POST WORLD WAR TWO: RE-ENACTMENTS AND SCULPTURES
Public reverence for Blaxland, Lawson & Wentworth did not abate with the birth of the nuclear age, though it did seem to express itself somewhat differently.
During the 50th Anniversary of Federation in 1951 the three explorers made an, almost literal, appearance in the service of national and local pride. Their memorial that year took the form of a re-enactment of their crossing of the Mountains with the members of a number of bushwalking groups chosen to play the role of the three explorers and their four servants. As their rigorously choreographed two-week (16-28 May) progress to Mount York proceeded they participated in a variety of local festivities in the various towns along the way.
[Re-enactment, May 1951. Blaxland, Lawson & Wentworth at Mount York. ]
To enhance the drama of the event, history was subjected to a good deal of poetic license. At Woodford the explorers were confronted by a group of local 'Aborigines' (scouts and cubs) who forced them to eat sausage snakes and witchetty grubs made of icing sugar. While, earlier, at a Jubilee Ball held in Glenbrook, the relationship between time and space underwent further distortion when the presence of the exploration party was momentarily forgotten as the guests were bailed up by the Kelly Gang.
The explorers were also escorted onto the newly established RAAF Base at Lapstone where Air Vice-Marshall McCauley congratulated them on subduing “this wild land” and informed them, with a suitable touch of Cold War paranoia, that “it is up to us to see that it is not taken from us”. (Blue Mountains Advertiser 24 May 1951.)
When the party finally reached Katoomba thousands of spectators lined Katoomba Street to watch the 'expedition' march triumphantly through the premier Mountain town.
This stirring and dramatic street theatre was so successful in 1951 that it was repeated for the expedition's sesquicentenary in 1963. Again, bushwalkers played the main roles and a two-week march allowed a programme of events to include all the Mountain centres. Once more, history was subjected to the dramatic flourishes of poetic license, most notably (and ironically) when the party arrived at the Explorers' Tree and were subjected to an 'attack' by local 'Aborigines'. No sharing of culinary cultures this time!!

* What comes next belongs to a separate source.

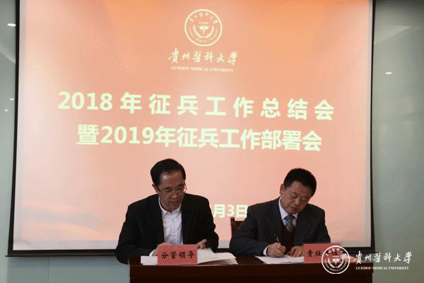 战勇全面通报了2018年太阳成征兵工作的开展情况、征集情况,对太阳成2018年征兵工作进行总结。按照全省征兵工作会议精神,安排部署了2019年征兵工作,明确了各学院征集任务和各工作阶段要求。并与各学院签订2019年征兵工作责任书。
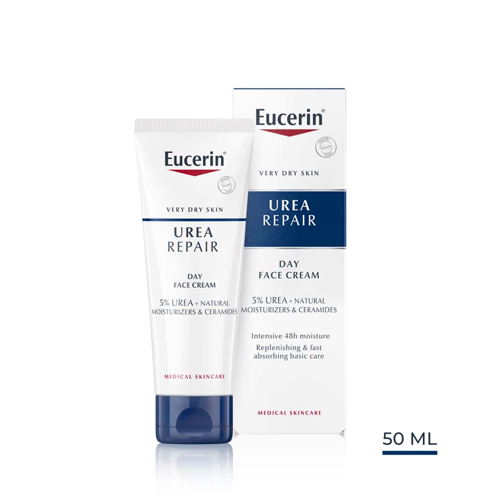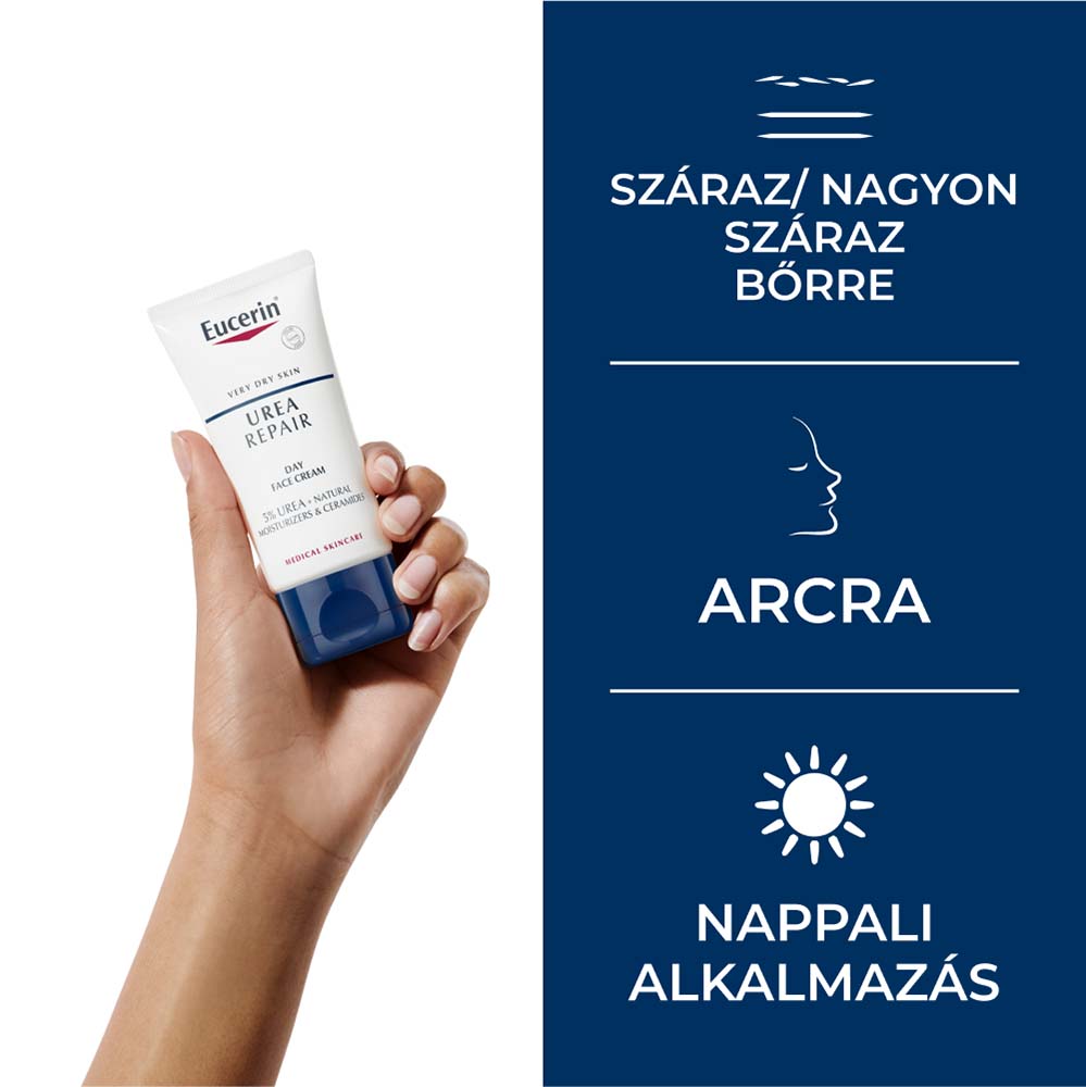 Az Eucerin® 5% Urea nappali arckrém egy könnyű állagú mindennap használható arcápoló száraz, nagyon száraz, feszülő bőrre. Természetes hidratáló faktorokat, ureát és tejsavat tartalmaz, mely hatóanyagok megkötik a nedvességet a bőrben. Az arckrém használata enyhíti a bőr száraz, feszülő érzését, bőre újra puha, jól hidratált és üde lesz. A bőr szárazságát a nedvességvesztés okozza, az Eucerin® 5% Urea nappali arckrém aktív hatóanyagtartalmával visszapótolja a nedvességet a bőrbe. Kitűnő sminkalap, a termék használata férfiak számára is ajánlott borotválkozás után.

[Re-enactment, May 1951. Blaxland, Lawson & Wentworth arrive in Katoomba.]
In 1959 a Sydney publisher, Oswald Ziegler, canvassed support in the Mountains for a plan to memorialise the three explorers on a hitherto unheard of scale. As part of a proposed luxury hotel and resort to be built on the cliffs above the Grose Valley at Blackheath, he proposed that a huge rock tableau featuring relief figures of the explorers be carved by a team of Australia's best sculptors into the cliff face opposite Govett's Leap. “Using pneumatic drills and gelignite charges”, he said, “sculptors and workmen would work on platforms hung hundreds of feet above the Grose Valley.” His grand vision was of an Australian 'Mount Rushmore', an inscription of the landscape in recognition of a process, begun by BW&L, of colonising a mountain wilderness once thought impregnable.
This extraordinary proposal apparently received the support of Hal Missingham, Director of the Art Gallery of NSW, and leading Australian sculptor Lyndon Dadswell. The Mayor of the Blue Mountains, Alderman Aubrey Murphy, enthusiastically gave his support too, claiming that the scheme “would lure thousands more tourists to the Blue Mountains”. (Sunday Telegraph 17 May 1959.) Neither the resort nor the memorial ever got off the ground!
In the late1960s a sculpture project of much more modest proportions was in fact carried out, not at Blackheath but among the other memorials on the hallowed ground of Mount York. It was a work of private rather than public initiative. Constructed over several years by Rex Gilroy and his father, William, managers of the Mount York Natural History Museum, the monument consisted of the busts of the three explorers placed on top of a solid, slightly curved base. The busts were the work of sculptor Josef Nesteriuk and the completed monument was unveiled by H. G. Coates, State Member for the Blue Mountains, on 14 December 1969. In recent years the memorial has fallen victim to vandals who knocked one of the heads off and left it in the bush some distance away. The Council has removed the other two for safekeeping.